First, this week's big moment for the Republican front-runner, former President Donald Trump. If you go on Etsy today, you can find T-shirts, coffee mugs, even mouse pads featuring an image of him that did not exist until last night - his mug shot. Beyond being historic, the photograph is a powerful symbol that can be used in different ways. The image was the first thing Trump posted when he returned to the social media platform X last night. David Hume Kennerly is a Pulitzer Prize-winning photographer who has photographed 10 U.S. presidents, including Trump. Welcome back to ALL THINGS CONSIDERED.

DAVID HUME KENNERLY: Glad to be here.

SHAPIRO: Before I asked about the context or impact of this mug shot, will you just offer an assessment of it as an image? When you first look at it, what do you see?

HUME KENNERLY: Well, it's stark. It's a guy trying to look tough. If I'd taken that picture for Time magazine, I would have been fired, probably (laughter).

SHAPIRO: Why do you say that?

HUME KENNERLY: Well, I mean, the lighting, everything about it. A police mug shot is not trying to flatter the subject, and this definitely was the case here.
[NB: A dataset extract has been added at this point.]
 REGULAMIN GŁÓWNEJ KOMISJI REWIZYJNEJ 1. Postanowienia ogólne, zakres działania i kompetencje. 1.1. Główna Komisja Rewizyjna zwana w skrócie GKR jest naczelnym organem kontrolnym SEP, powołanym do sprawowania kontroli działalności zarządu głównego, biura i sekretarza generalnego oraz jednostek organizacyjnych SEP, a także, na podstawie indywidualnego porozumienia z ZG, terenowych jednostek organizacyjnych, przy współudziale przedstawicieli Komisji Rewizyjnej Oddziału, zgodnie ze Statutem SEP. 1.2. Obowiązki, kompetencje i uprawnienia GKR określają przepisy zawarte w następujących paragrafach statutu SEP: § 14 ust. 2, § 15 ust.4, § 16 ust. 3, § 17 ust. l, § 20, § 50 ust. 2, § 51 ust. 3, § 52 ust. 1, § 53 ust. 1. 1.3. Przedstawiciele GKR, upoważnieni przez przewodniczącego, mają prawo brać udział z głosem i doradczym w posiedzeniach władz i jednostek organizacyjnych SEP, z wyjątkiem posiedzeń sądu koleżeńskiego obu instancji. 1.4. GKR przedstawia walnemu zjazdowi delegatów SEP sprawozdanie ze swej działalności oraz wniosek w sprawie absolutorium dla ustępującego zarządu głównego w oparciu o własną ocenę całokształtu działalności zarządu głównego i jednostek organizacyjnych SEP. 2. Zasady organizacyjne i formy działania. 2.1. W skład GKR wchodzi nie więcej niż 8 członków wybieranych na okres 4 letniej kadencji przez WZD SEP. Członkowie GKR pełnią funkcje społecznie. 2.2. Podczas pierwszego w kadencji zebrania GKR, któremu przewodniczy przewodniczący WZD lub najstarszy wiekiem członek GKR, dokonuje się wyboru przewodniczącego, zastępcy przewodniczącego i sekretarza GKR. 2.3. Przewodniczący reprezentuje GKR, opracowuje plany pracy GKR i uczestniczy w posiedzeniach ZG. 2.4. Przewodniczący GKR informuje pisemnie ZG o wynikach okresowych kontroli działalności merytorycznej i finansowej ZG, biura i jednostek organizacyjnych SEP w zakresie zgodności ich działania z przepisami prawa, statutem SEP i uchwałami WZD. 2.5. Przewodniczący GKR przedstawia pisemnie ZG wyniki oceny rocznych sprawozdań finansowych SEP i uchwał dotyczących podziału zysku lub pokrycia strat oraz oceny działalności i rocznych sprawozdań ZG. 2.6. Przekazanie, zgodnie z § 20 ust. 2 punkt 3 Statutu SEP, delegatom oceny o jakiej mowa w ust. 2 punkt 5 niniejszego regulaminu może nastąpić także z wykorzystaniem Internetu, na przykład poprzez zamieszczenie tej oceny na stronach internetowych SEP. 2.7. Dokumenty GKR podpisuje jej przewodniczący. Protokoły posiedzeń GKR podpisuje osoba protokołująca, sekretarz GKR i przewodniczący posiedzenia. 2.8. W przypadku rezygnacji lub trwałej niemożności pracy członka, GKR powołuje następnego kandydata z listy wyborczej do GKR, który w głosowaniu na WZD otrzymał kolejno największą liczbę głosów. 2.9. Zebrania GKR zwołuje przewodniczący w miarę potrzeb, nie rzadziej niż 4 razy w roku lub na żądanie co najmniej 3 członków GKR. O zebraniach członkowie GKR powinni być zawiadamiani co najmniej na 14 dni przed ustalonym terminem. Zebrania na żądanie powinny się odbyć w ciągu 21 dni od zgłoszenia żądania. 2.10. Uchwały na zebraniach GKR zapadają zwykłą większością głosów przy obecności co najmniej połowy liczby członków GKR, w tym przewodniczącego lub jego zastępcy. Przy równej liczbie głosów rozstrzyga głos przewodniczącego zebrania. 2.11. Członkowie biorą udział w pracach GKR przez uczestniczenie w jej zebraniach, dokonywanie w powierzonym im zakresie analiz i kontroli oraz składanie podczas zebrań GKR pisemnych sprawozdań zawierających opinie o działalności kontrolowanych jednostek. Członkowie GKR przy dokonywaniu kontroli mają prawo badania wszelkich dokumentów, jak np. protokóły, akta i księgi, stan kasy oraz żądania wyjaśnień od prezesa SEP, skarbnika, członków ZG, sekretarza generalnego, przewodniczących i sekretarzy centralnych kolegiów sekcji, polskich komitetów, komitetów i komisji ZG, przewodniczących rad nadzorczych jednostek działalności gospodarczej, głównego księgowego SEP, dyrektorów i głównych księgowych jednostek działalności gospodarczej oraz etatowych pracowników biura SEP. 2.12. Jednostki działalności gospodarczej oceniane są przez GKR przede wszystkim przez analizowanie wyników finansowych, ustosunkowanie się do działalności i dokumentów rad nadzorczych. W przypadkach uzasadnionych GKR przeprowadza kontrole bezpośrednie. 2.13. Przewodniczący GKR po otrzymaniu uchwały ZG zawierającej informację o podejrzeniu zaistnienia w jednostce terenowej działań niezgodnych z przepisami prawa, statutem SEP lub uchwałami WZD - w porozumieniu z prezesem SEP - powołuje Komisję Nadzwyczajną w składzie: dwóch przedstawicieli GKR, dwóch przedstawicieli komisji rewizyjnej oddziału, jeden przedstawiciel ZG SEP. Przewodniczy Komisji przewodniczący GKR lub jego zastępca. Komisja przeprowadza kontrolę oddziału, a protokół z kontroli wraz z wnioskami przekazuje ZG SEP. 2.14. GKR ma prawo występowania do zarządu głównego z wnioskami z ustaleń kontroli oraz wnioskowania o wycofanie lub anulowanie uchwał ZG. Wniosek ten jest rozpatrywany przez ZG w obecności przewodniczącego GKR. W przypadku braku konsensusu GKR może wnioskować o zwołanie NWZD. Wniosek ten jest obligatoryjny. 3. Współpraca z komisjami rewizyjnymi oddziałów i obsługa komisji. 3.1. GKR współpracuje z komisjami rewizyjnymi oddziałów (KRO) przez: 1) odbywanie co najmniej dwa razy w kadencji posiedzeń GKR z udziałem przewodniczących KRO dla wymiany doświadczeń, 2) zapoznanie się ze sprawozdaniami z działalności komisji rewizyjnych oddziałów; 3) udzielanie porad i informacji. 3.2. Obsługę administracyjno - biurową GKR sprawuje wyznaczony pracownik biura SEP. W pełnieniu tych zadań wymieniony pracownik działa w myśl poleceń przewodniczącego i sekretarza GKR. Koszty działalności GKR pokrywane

SHAPIRO: You photographed the former president in an extremely different context. And so will you contextualize this image in light of that personal experience that you had?
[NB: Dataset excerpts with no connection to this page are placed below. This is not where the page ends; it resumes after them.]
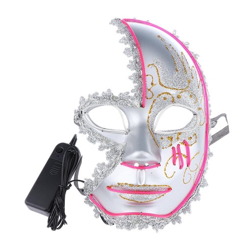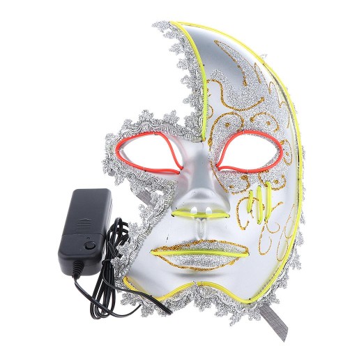 Świecąca dioda LED na Halloween Półmaska na twarz Rekwizyt Cosplay Fluorescencyjny zielony i czerwony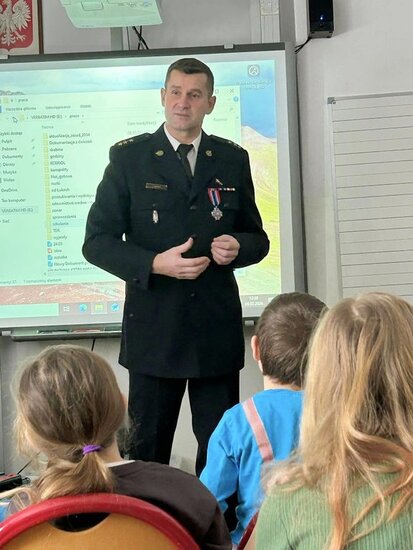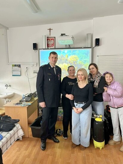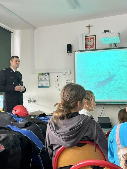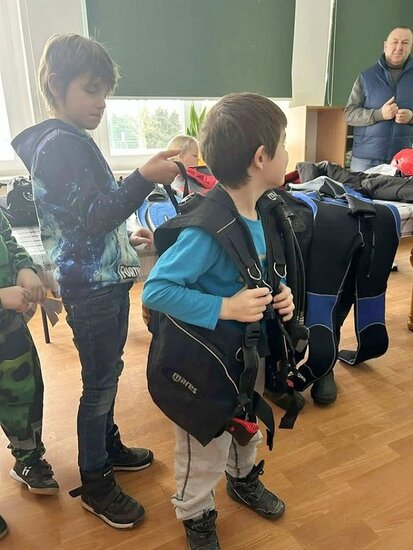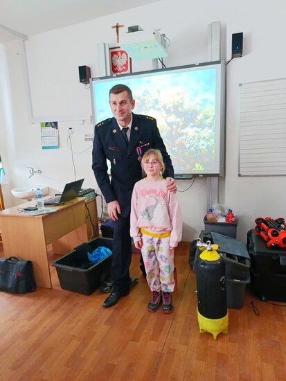 Nie zabrakło też niezwykłego spotkania. KPT. INŻ. Pan Jacek Gelert zabrał nas w fascynującą podróż do podwodnego świata. Opowiedział, z jakimi wyzwaniami mierzą się płetwonurkowie na co dzień, zaprezentował profesjonalny sprzęt, a na koniec dzieci mogły go przymierzyć i poczuć się jak prawdziwi nurkowie! To było naprawdę ciekawe i inspirujące doświadczenie.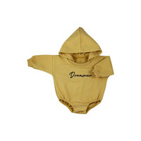 Creatief longsleeve romper met capuchon Koala Dreamer. De romper heeft drukknopen tussen de beentjes, wat het aankleden en verschonen vergemakkelijkt. Rond de hals is er een elastische rand voor eenvoudig aan- en uittrekken over het hoofd. Het is versierd met de tekst Dreamer en is ontworpen in een baggy stijl van zeer fijne sweatstof. De romper is een essentieel kledingstuk voor baby's. Bij elke beweging blijven de ruggetjes van de baby altijd bedekt. Materiaal: 96% katoen, 4% elastaan.

HUME KENNERLY: I was shooting, for CNN, the 2016 campaign. And three weeks after he won, we got a session with him in Trump Tower. And during the whole time he was president, he did very few sit-down portraits. And I don't think he really likes doing that. But I made it work, and it was, like, three minutes. And at one point, he said, I want to look in the back of the camera, if you don't mind, and see what you're doing. And he looked at it. He goes, wow, I look better there than I do in real life. And the thing is working with him on the photo session - it started off with him smiling, and it just - it didn't look natural. And I said, how about giving me the you're-fired look from "The Apprentice"? And he gave me that kind of a scowl - very similar to this picture that we've seen from Fulton County.

SHAPIRO: This is the first-ever mug shot of a former president, and that alone makes it a powerful historical artifact. But do you think there is also something about the image itself that adds to its impact?

HUME KENNERLY: Oh, yeah. The circumstances are everything here. And he obviously is trying to show tough guy. Yeah, I think he was in a really uncomfortable place there, but he knew what he wanted to do. And he has a real sense of how he looks, how he comes across. And what's interesting to me about it - like, anybody who doesn't like him will look at it and say, wow - makes him look like a really bad guy. And then all the people who really like him are going to say, this is a tough person. And it's - photos are like that. It's all in how you perceive them.

SHAPIRO: There is a whole history of famous mug shots. It's a genre unto itself. We've all seen historic booking photos of celebrities or politicians accused of crimes. How do you think this stacks up in that category?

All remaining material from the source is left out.